Игорь улыбнулся ей; он любил даже эти ее слова.

Прошло несколько секунд, и изумленный Игорь увидел, что в кафе входит его кузен Ибан. Какое странное совпадение. Он помахал ему рукой. Ибан, казалось, смутился, но только на миг. Он подошел к Игорю, продолжая при этом украдкой вертеть головой; только специалист по слежке вроде Игоря мог наметанным глазом уловить эти едва заметные повороты. Они обнялись.

– Как дела? – спросил Игорь.

– Да ничего дела… Слушай, я тут по работе…

– Я уж вижу. Садись к нам, так тебя никто не заметит.

– Да, верно… Но мне расслабляться нельзя… Я столько сил угрохал, пока засек эту женщину…

– Она кто?

– Сбежавшая жена. Да еще муж ее без конца звонит, слов нет…

Клер вышла из туалета и быстрым шагом направилась к столику Игоря. Ибан заметил ее и на миг успокоился. Значит, эта акула от него не ускользнула. Но спокойствие его длилось недолго. Клер шла к их столику, уверенно, без всяких колебаний; шла прямо к нему. Вычислила, подумал он. Подобно умирающему, у которого вся жизнь проходит перед глазами, он в мгновенном озарении вспомнил долгие славные годы слежки и пришел к единственно возможному выводу: этот его первый провал – начало заката. Скоро часть его “я” уйдет в небытие. Тем не менее – чем черт не шутит – он попытался вжаться в стул, продемонстрировав незаурядное искусство уплотнения позвонков. Поздно. Клер смотрела ему прямо в глаза. Ибан пробормотал что-то нечленораздельное. Игорь прервал его:

– Клер, позволь тебе представить: мой кузен Ибан.
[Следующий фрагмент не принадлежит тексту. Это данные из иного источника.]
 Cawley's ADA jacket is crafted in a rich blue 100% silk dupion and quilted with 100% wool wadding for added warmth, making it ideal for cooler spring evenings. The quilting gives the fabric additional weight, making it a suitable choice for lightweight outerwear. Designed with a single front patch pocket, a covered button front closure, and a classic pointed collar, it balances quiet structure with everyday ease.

Ибан резко распрямился. И протянул Клер правую ладонь для рукопожатия. Вид у него был обалделый. Он знал ее лицо до последней запятой, и его рот замкнулся безгласной скобкой. Игорь счел волнение кузена чистейшей воды растерянностью при встрече с красотой. В нем даже всколыхнулась некоторая гордость. К тому же первый раз кто-то из знакомых видел его с Клер. Она вдруг сказала:

– Странно, у меня такое впечатление, что я вас где-то видела.

– Ты наверняка его видела в каталоге Дуброва, – заметил Игорь. – Ибан тоже детектив.
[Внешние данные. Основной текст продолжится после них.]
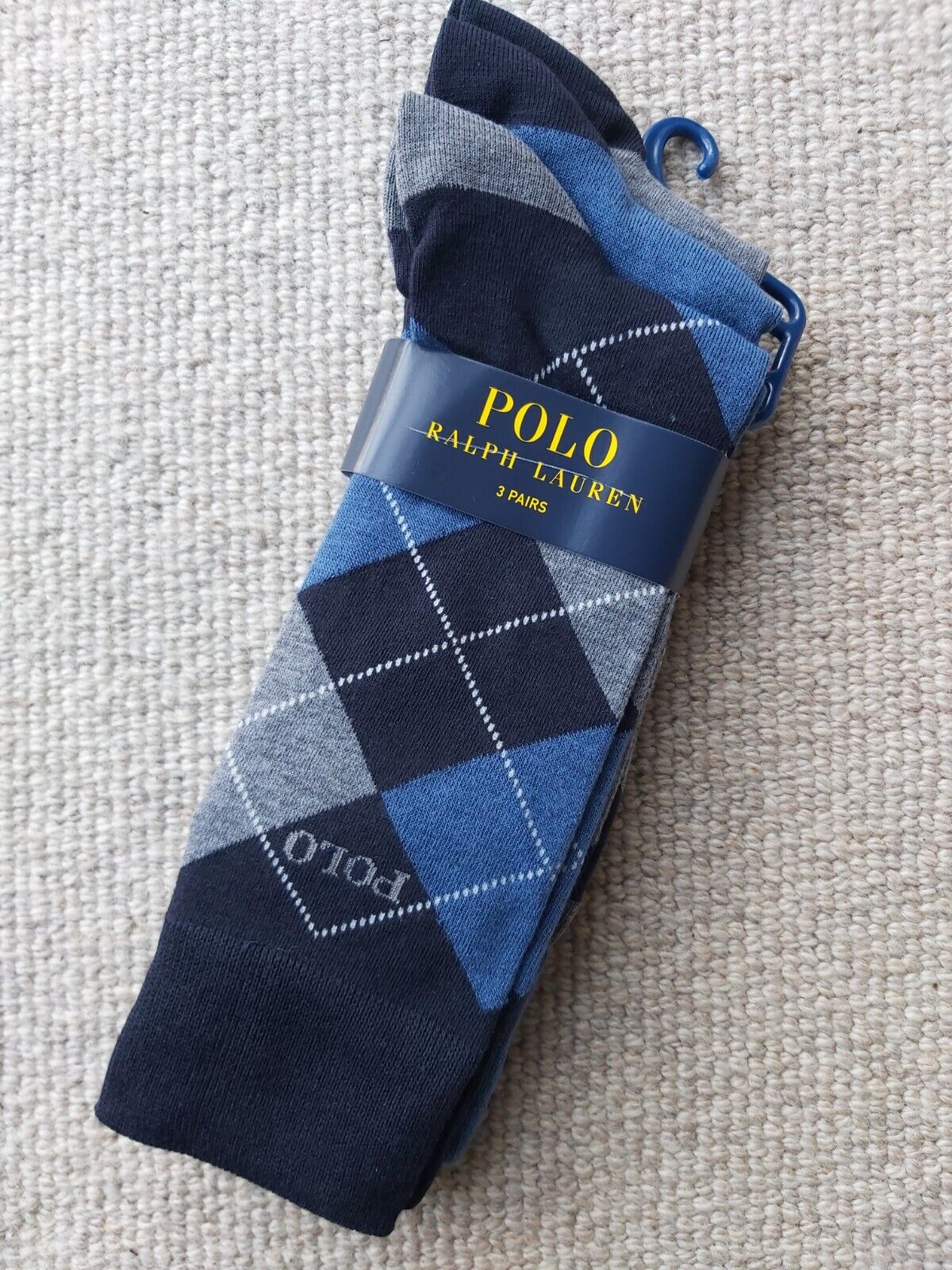 3 Pairs : Genuine POLO RALPH LAUREN Navy Grey Blue SOCKS Adult Mens One Size

– Ах да, наверное, так и есть!

– К тому же он сейчас за кем-то следит, – продолжал Игорь.

– Правда? – обрадовалась Клер. – Меня всегда восхищала ваша работа! А вы нам скажете, за кем следите? Мы никому не разболтаем, обещаю. (Она приложила палец к губам.)

– Я… Э-э…

– Ну давай, скажи, – загорелся его Игорь. – Хочешь, я тебе помогу?

– Я…

– Служебная тайна, да?

– …

– Он следит за женщиной.

– Ох уж эти женщины, за ними следить труднее всего. (Произнося эту фразу, Клер обвела взглядом кафе в поисках пресловутой женщины.)
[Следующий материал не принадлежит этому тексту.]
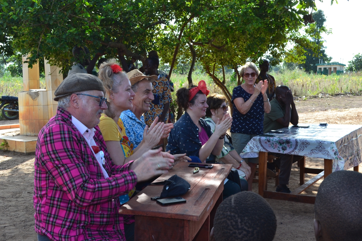 Draußen unter dem Baum haben sich alle irgendwann einmal während der Vorstellung den Kopf an einem tiefhängenden Ast angestoßen, wie wir lachend nach der Vorstellung feststellen müssen. Auch hier nehmen wir wieder Eindrücke und Wünsche der Ansässigen im Gepäck mit. Kaum zu glauben, aber wahr, der Kindergarten hat auch nach mehreren Jahren keine Toiletten, und der anwesende Bürgermeister beteuert, er würde ja gerne Abhilfe schaffen, damit die knapp 100 Kinder nicht mehr in das angrenzende Wäldchen gehen müssen – ihm sind aber die Hände gebunden. Dies deshalb, da zu Beginn des nächsten Jahres Wahlen in Benin stattfinden werden, in deren Folge ein neues Gesetz für Kindergärten in Kraft treten wird. Erst wenn das der Fall ist, wird die Genehmigung erfolgen, wenigstens eine Latrine zu bauen.
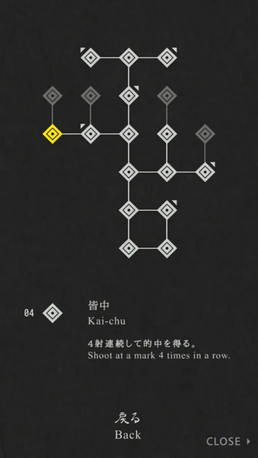 弓稽古にはあなたが矢を射る度、その情報を分析する機能が備わっています。 全てのプレイを通じた統計機能もあれば、狙う的を変えるごとにリセットされるものもあります。 また少しユニークな内容の含まれる実績に挑戦することも可能です。
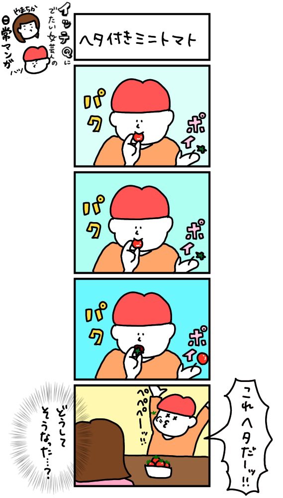 1 9 今ハマってて、毎日20個くらい食べてるから仕方ないのかもしれません🍅 #てづくり4コマ #漫画が読めるハッシュタグ 女芸人てづくりパンの日常実録漫画です 22/02/20 22:14
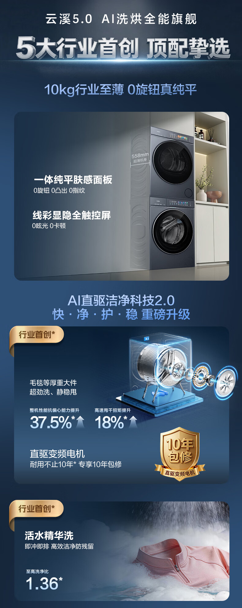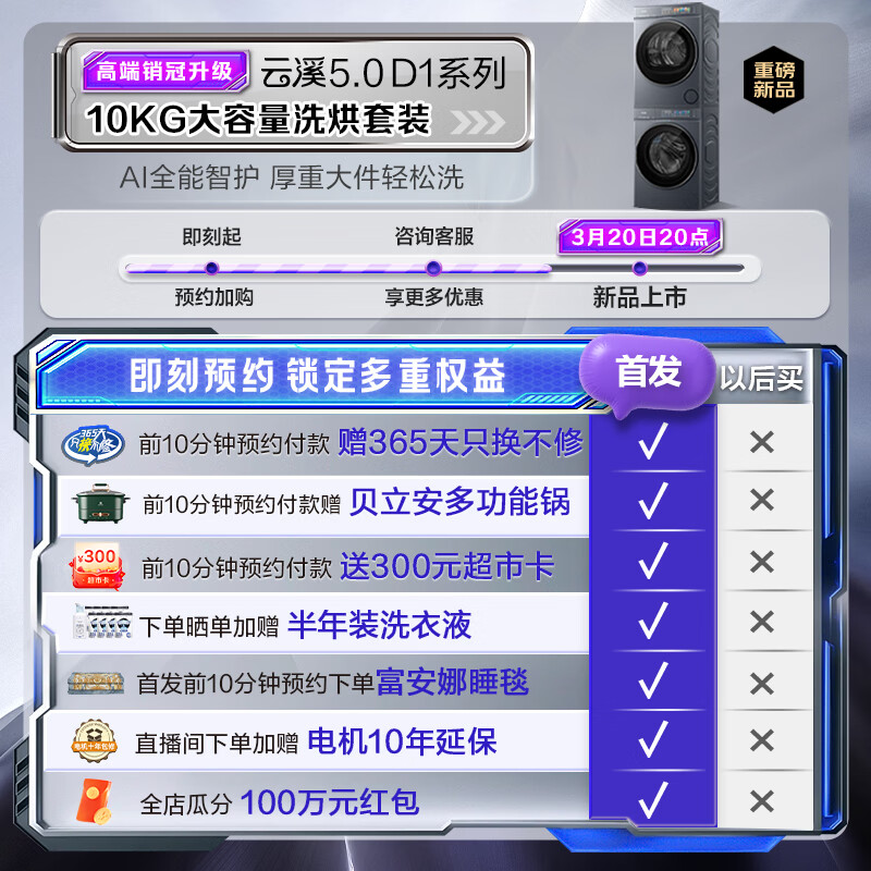 海尔(Haier)AWE同款 云溪5.0滚筒洗烘套装 10KG全自动滚筒洗衣机+双擎热泵烘干机 AI直驱双效除菌 D1 换新补贴

– Точно, – подтвердил Игорь. – В женщинах всегда есть какая-то поспешность. Нырнут в переулок или в подъезд, и все, мы их потеряли. Я вот еще что заметил: обычно это как-то связано с красотой; чем красивее женщина, тем легче ее теряешь. Ты такого не замечал, Ибан?

– …

– А какая она, эта женщина, за которой ты следишь?

Ибан пристально посмотрел на Клер, прямо в глубину ее зрачков. Потом вскочил и быстро вышел. Игорь сказал, что кузен все-таки настоящий профессионал. Умеет оборвать любой разговор, сразу показать никчемность всякой светской болтовни, когда надо продолжать расследование. Клер не слишком убедили его слова; это глупое бегство показалось ей странным, а главное, не слишком вежливым. По-моему, мы его смутили своими расспросами, подумала она. Может, он такой же стеснительный, как его кузен? Нет, непохоже. Робкие люди не глядят вам в глаза с таким ужасом. В ту минуту можно было подумать, что русский из двух кузенов именно Ибан. Такой пронзительный, нежный и одновременно буйный взгляд, просто Россия в глазах.

Выйдя на улицу, Ибан дал волю бешенству. Он немедленно позвонил Дуброву и потребовал созвать совещание в верхах, прояснить эту несуразицу. Ему было очень плохо; не потому, что он потратил кучу сил на расследование, которое могло занять пару минут (если бы Дубров ему сказал, что Игорь знаком с дамой на фотографии), но потому, что не до конца понимал ситуацию. Что она делает с его кузеном? Кто над ним так надсмеялся? По ходу расследования в его голове происходило что-то странное. Никогда прежде его не посещало подобное чувство. А теперь все насмарку, один сплошной маскарад. Блуждая по Парижу, он съездил и в Руасси, поговорил с коллегами Клер. Как и положено сыщику, проник в жизнь этой незнакомки. В этом заключалась и прелесть, и гибельность его ремесла. Сначала он решил было, что его к ней тянет. Но потом влечение сменилось беспокойством. Он знал, что она звонила дочери, но уйти из дома – очень жесткий шаг. Наверно, он сочувствовал женщине, переживавшей черную полосу в жизни. Скорее всего, его грубость при встрече объяснялась еще и этим. Несовпадением образа, который он себе рисовал, с представшей ему цветущей красавицей.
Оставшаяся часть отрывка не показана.